In plain English, the redundant information between the different predictor variables splits the effect into many pieces, making the assessment of the actual effect of any variable (i.e., smokefree law) unreliable, which almost always has the effect of biasing the analysis against finding an effect even one really exists.
There is a formal assessment of multicollinearity (using something called a variance inflation factor) to detect this problem.  When there is serious multicollinearity, the usual procedure is to drop the redundant variables.  Ho and colleagues, like most economists, did not bother with testing this.
Rather, they took the approach of doing a sensitivity analysis in which they dropped different parts of the model to see what happened, hence the three models in the paper.
Model 1 is the model with the several thousand independent variables listed above in the model.  That model didn’t find an effect of smokefree laws (or, in many cases, taxes) on disease outcomes.
Model 2 dropped the 15 demographic variables (the first bullet above) but kept the thousands of county variables and found essentially the same results as the full model.   This result suggests that multicollinearity with these variables is not obscuring the effect of the smokefree laws and taxes.
In contrast, in Model 3, when they drop all the county variables by keep the demographics from the model while keeping the demographics, they find that the laws (and taxes) are associated with fewer hospital admissions for heart attacks and other outcomes.   This raises the possibility that they are ‘over-correcting” for county differences.  Indeed, by allowing for different changes across counties my guess is that that is exactly what is happening. 
Did Ho and colleagues ignore this issue entirely?
Rather than directly testing for multicollinearity using variance inflation factors, they followed another widely-used qualitative approach, which is to look at the relationship between the independent variables (in this case, smokefree laws and taxes) and some outcome that people know is not associated with changes in smoking, in this case hospitalization for hip fractures.  They found a statistically significant association with hip fractures in Model 3 (but not Models 1 and 2), which they interpreted as evidence that the significant associations with laws (and taxes) in Model 3 was a spurious correlation.
The problem with this logic is that smoking increases the risk of hip fractures
Thus, using the standard that Ho and colleagues applied, their sensitivity analysis leads to the conclusion that Model 3 is superior to Model 1 because Model 1 missed the hip fractures while Model 3 detected it. 

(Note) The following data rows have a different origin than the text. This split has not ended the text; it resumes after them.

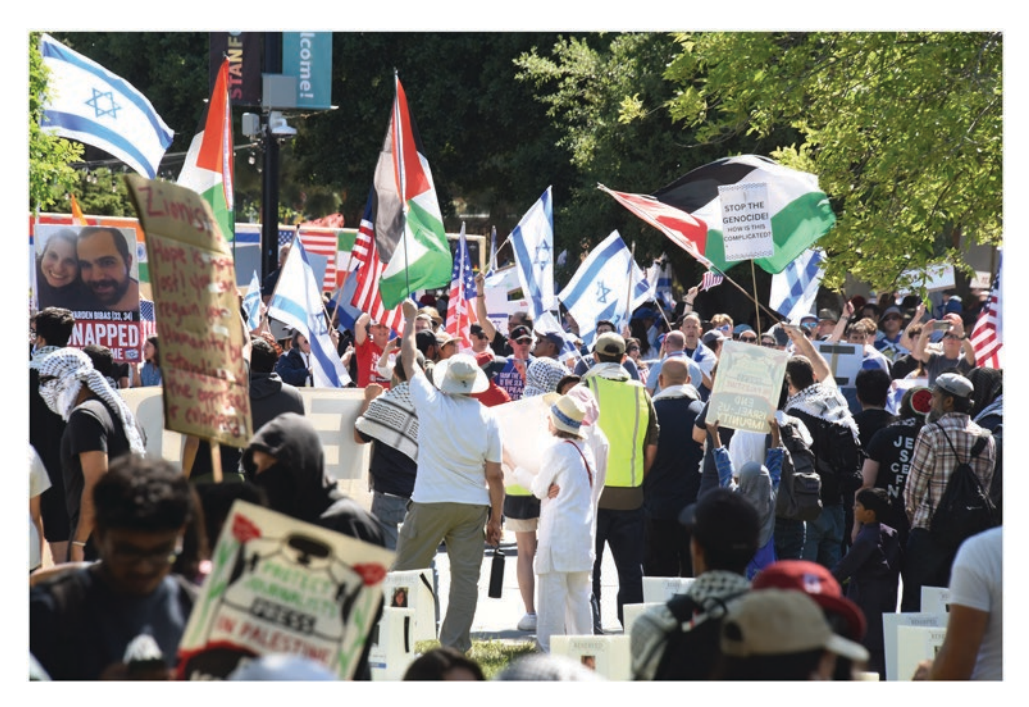
Figure 4: Battle of the flags. Stanford University, 14 May 2024.

the more zealous among them let that awareness slip into the open. The main ideological takeaway of the Gaza assault is the same as the ideological message that crystalized during the long backlash to the summer of 2020 in the US: in order to remain in power, a hegemonic formation—be it class, ethnic group, or caste—first needs to learn how to tolerate its own cruelty. Their words and actions are stating their credo loud and clear: my lifestyle is more important than your life .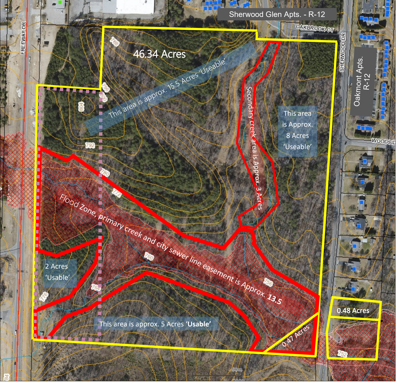
The statements and figures herein while not guaranteed are secured from sources believed to be authoritative. This offering is subject to change of price, prior lease or sale and or withdrawal without notice. Prospects should verify all information.

1007 Battleground Avenue, Suite 401 Greensboro, NC 27408 336-379-8771 I www.bipinc.com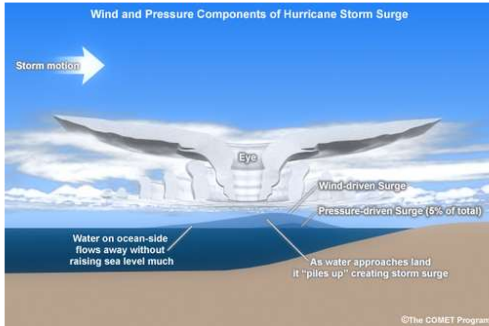
Wind and Pressure Components of Hurricane Storm Surge

The maximum potential storm surge for a particular location depends on a number of different factors. Storm surge is a very complex phenomenon because it is sensitive to the slightest changes in storm intensity, forward speed, size (radius of maximum winds-RMW), angle of approach to the coast, central pressure (minimal contribution in comparison to the wind), and the shape and characteristics of coastal features such as bays and estuaries.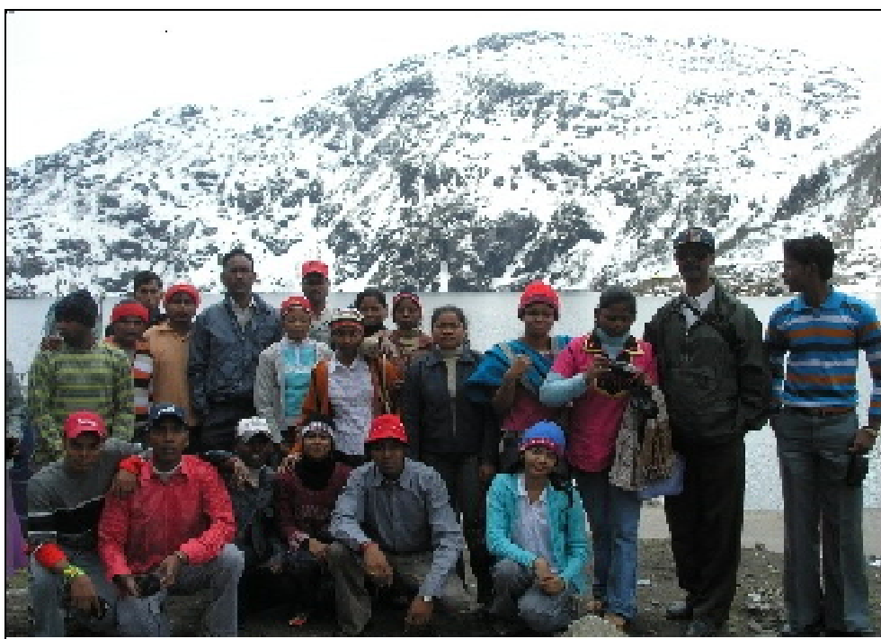
STUDY TRIP OF STUDENTS FROM RANCHI COLLEGE

The institution strives for the holistic development of students and caters to their needs for progression in academic as well as curricular and extracurricular activities such as sports, debate, quiz contests, cultural activities and others. It also encourages them to have a feel of the external environment through study trips and visits to various institutions so that they know about the national and global demands.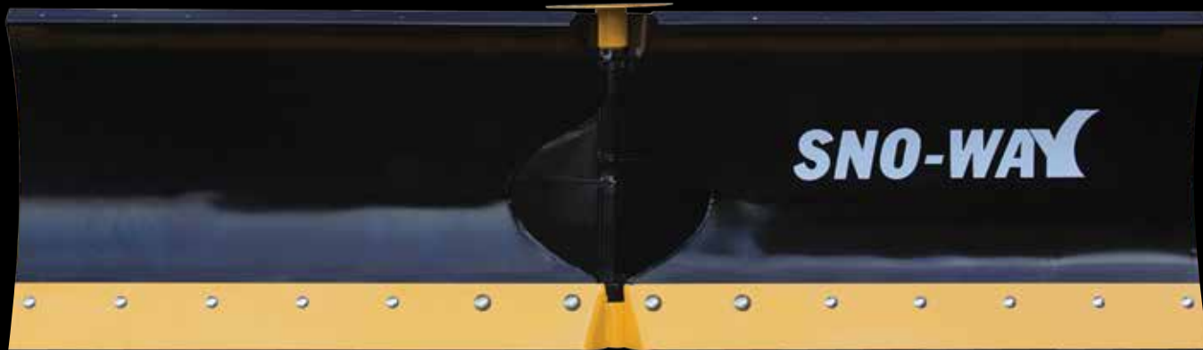
29VHD Shown With Optional Sno-Way® 9" E-Z Switch Scoop Wings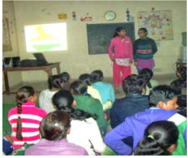
Youth Group Meeting at Nangloi

were held in in Bhatti, Bahadurgarh, MeenaGali, Shiv Gali, Reipura, LaborColony, NikaonCenters.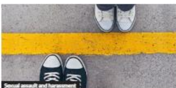
Sexual assault and harassment 4 ways to set healthy boundaries in relationships and everyday life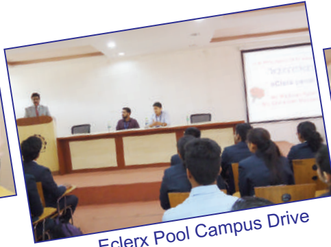
Eclerx Pool Campus Drive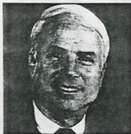
U.S. Senator John McCain

Editor's Note: This feature column will appear in Sovereign Nations from time to time, and be designed to present readers straight answers to some no-nonsense questions about Self-Governance. Featured interviews will be with federal and Tribal officials.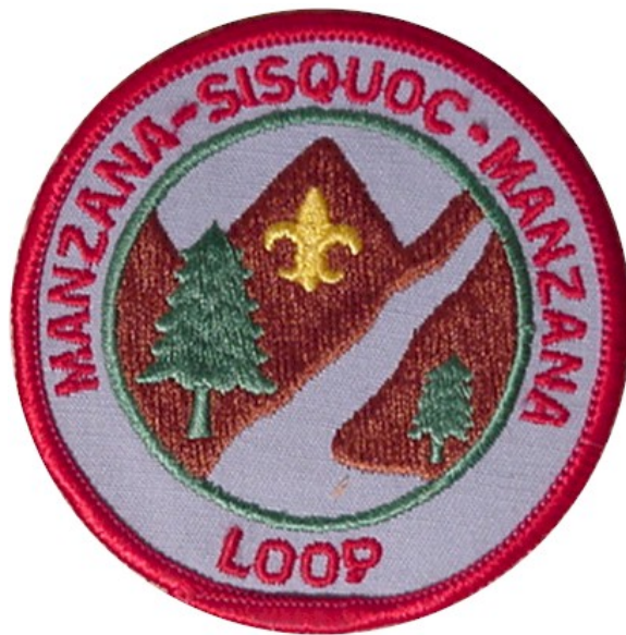
FIG. 8-8 MANZANA-SISQUOC-MANZANA LOOP 3" DIA.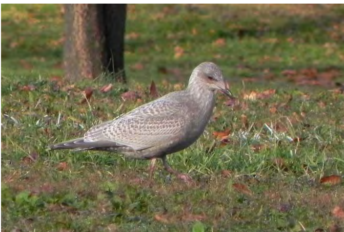
Thayer's Gull ( Larus thayeri). This first winter bird at Pleasant Hill Park, Philadelphia 29 November 2011 would represent a first for Philadelphia if accepted. The record is currently under review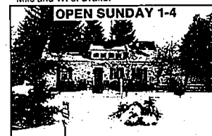
OPEN SUNDAY 1-4 A TOUCH OF COUNTRY Acre and a half, older, updated and heavily treed with greenhouse and pond. Family room with wood burning stove, 4 bedrooms, 1 1/2 baths and new windows in master bedroom. $126,900. 7430 Old Mill. N. of 14 Mile and W. of Lahser.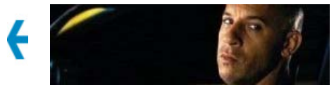
'Fast & Furious' HAUL: Rakes In $72.5M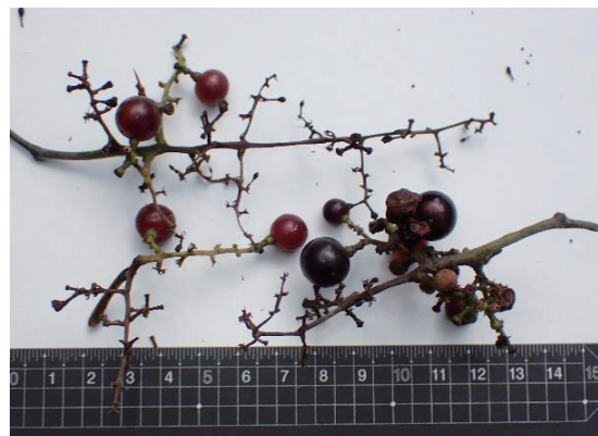
Fig. 24. Fruits of Vitis kiusiana (FK29).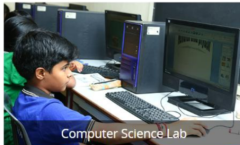
Computer Science Lab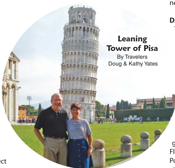
Leaning Tower of Pisa

DAY 5 - Venice. Today features a full day visit to the romantic city of Venice, known for its characteristic canals, colorful gondoliers and magnificent St. Mark's Square. All transportation is done exclusively over water, so like the Venetians, you will take a boat ride to the center of this "floating city." A guided walking tour follows, ending with a visit to a glass-blowing workshop where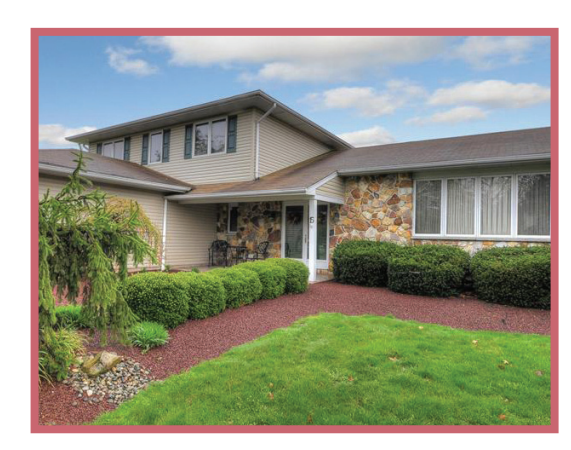
Located in Hamilton, New Jersey, The Thomas Jerome House offers a variety of modern amenities in a beautiful suburban setting.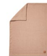
Pearl Velvet Blanket Pink Bouclé 30320202197NA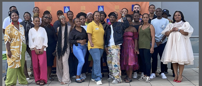
Twenty-five mentees have embarked on their journey of training in the fashion industry, with the goal of becoming industry experts.

This year’s programme is centered on building sustainable careers in fashion, fostering entrepreneurial success, and preparing mentees for the realities of the industry. By the end of the programme, the mentees will have the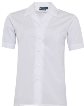
Long/Short Revere Shirts (Twin Pack) From £13.50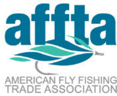
AMERICAN FLY FISHING TRADE ASSOCIATION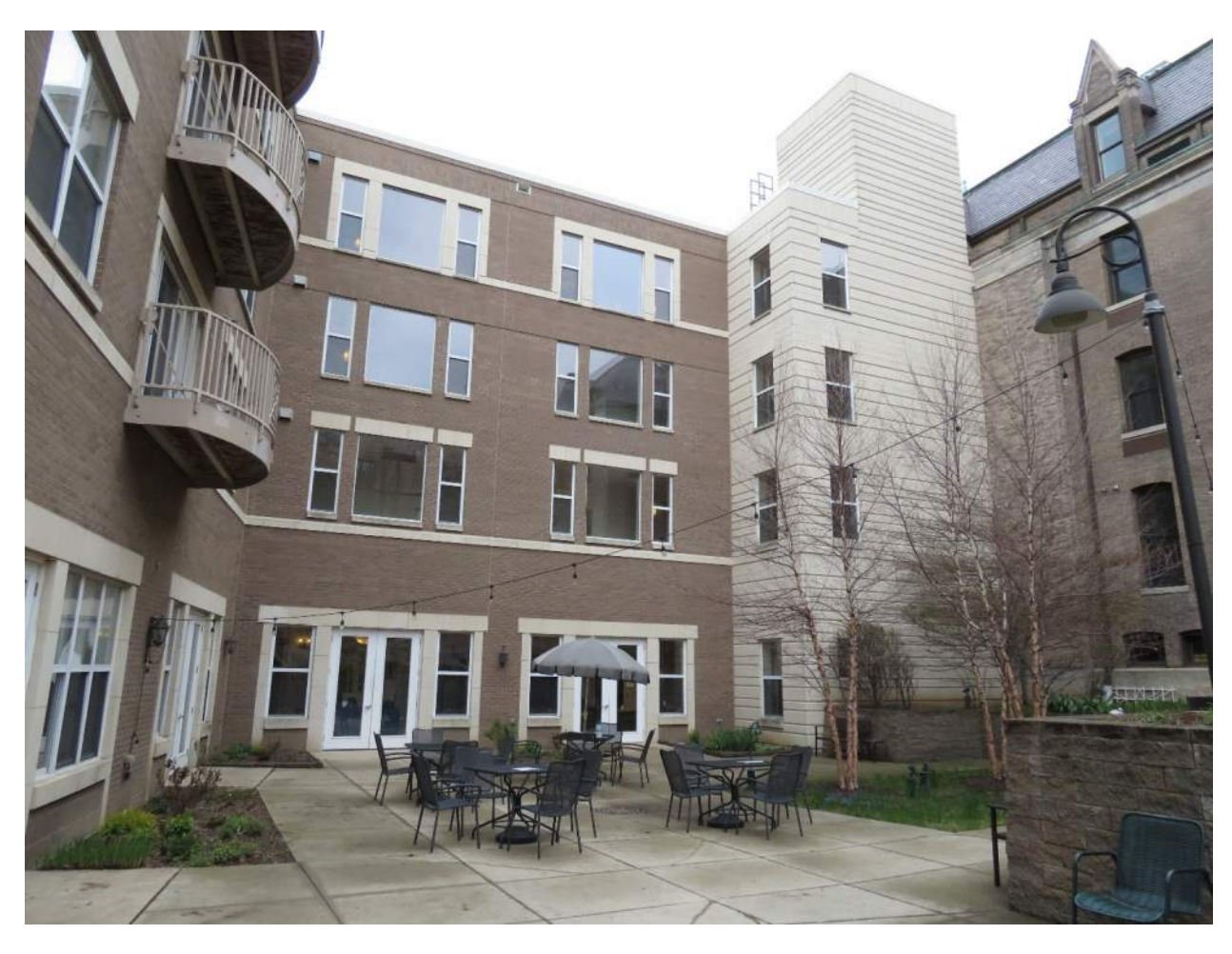
Contemporary Commons Courtyard – location of ramp addition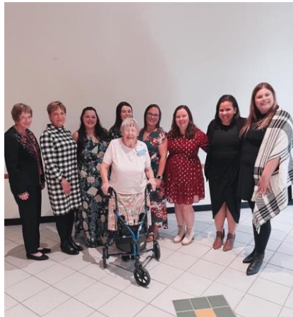
Founder's Day 2022

We are so excited to be ushering in a new decade of the Fairfax County Alumnae Chapter after our 10 th anniversary in 2022. In this new decade, we want to know what our members are looking to gain out of their membership experience. Covid-19 has changed our outlook on events and gatherings for better or worse. And we have seen a direct impact in the attendance rates of our events since the pandemic hit its height in 2020.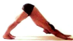
Shoulders, back & calves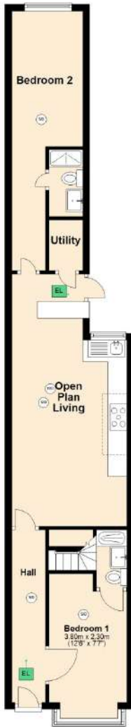
Ground Floor Approx. 59.4 sq. metres (628.3 sq. feet)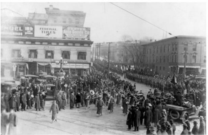
Cody's funeral procession in Denver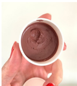
Figure 4: 20% red ochre and 20% Ximenia oil mixture combined with zinc oxide 15% ointment B.P.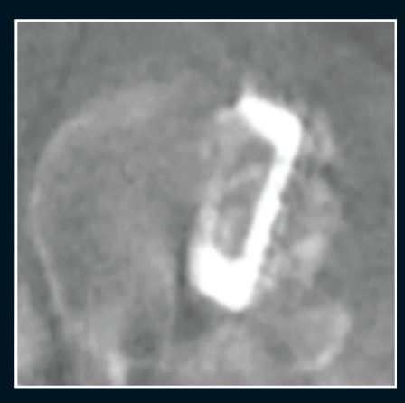
CarboClear® Lumbar Cage: CT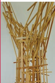
Exhibit ends October 28

Using a technique developed by the artist, people of all abilities will come together at the opening reception to build a work of art from wood. This sculpture they create will continue to "grow" throughout the length of the exhibit, so come back often to check on its progress!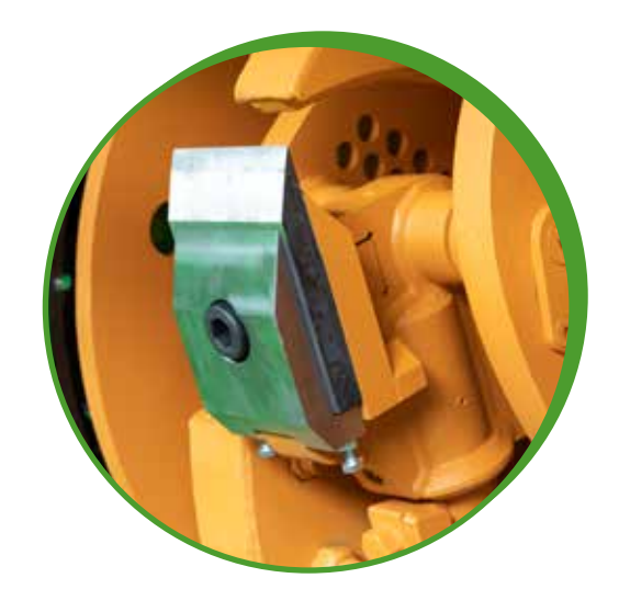
Solid wood and trunks → quantities up to 150 m³/h e.g. for trunk wood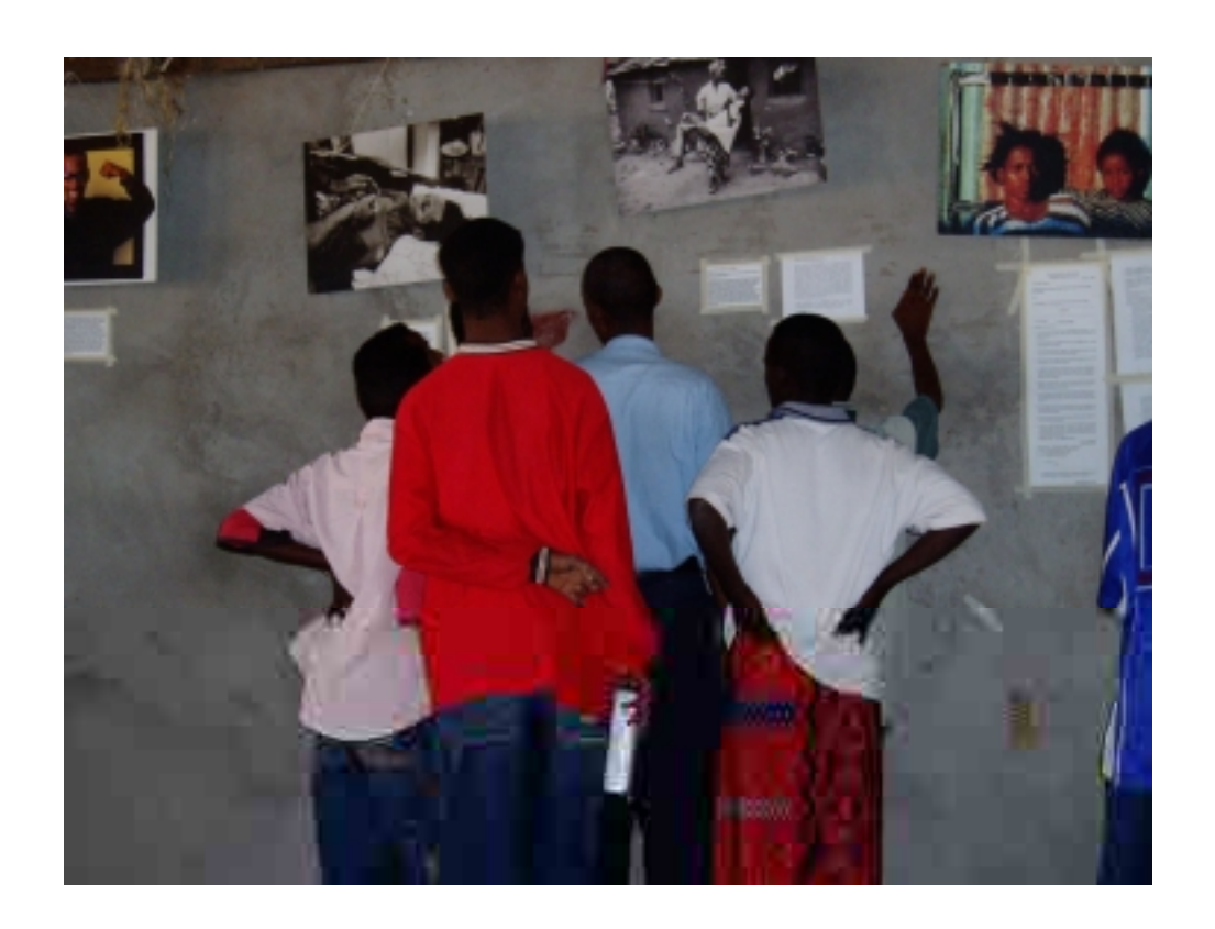
Positive Lives Exhibition in Dadaab refugee camp, Kenya

The Positive Lives Exhibition features photographs of people living with HIV. It aims to illuminate the positive human response to HIV and AIDS and provides a resource for HIV education, awareness and care. The exhibition was held in Kakuma and Dadaab refugee camps in Kenya. Based on the experiences in Dadaab, a comprehensive tool is being developed to capitalise on the momentum gained during the exhibition and enhance further discussion on HIV and AIDS related issues in the refugee setting. In Somalia, 20 pictures from the exhibition were used to support and facilitate the discussion on HIV and AIDS during training courses in Puntland and Somaliland.

In other words, this paper actually supports the conclusion that smokefree laws and taxes reduce hospitalizations.
The bottom line
With regards to the individual city and state studies provided,  Ho and colleagues are right that one needs to be cautious about interpreting any one study of any one place.    The fact is, however, that a large number of studies using a variety of methodologies in a wide range of places have found remarkably consistent results that smokefree laws reduce hospital admissions and ambulance calls.  The better of these studies do control for underlying time trends and the fact that the study is of a single place avoids the need to add the thousands of control variables that Ho and colleagues included.  The fact that there is a dose-response, with stronger laws being associated with bigger effects, is also important.
That is why, considering the evidence as a whole, we can still be confident that smokefree laws (and tax increases) are rapidly followed by drops in hospital admissions.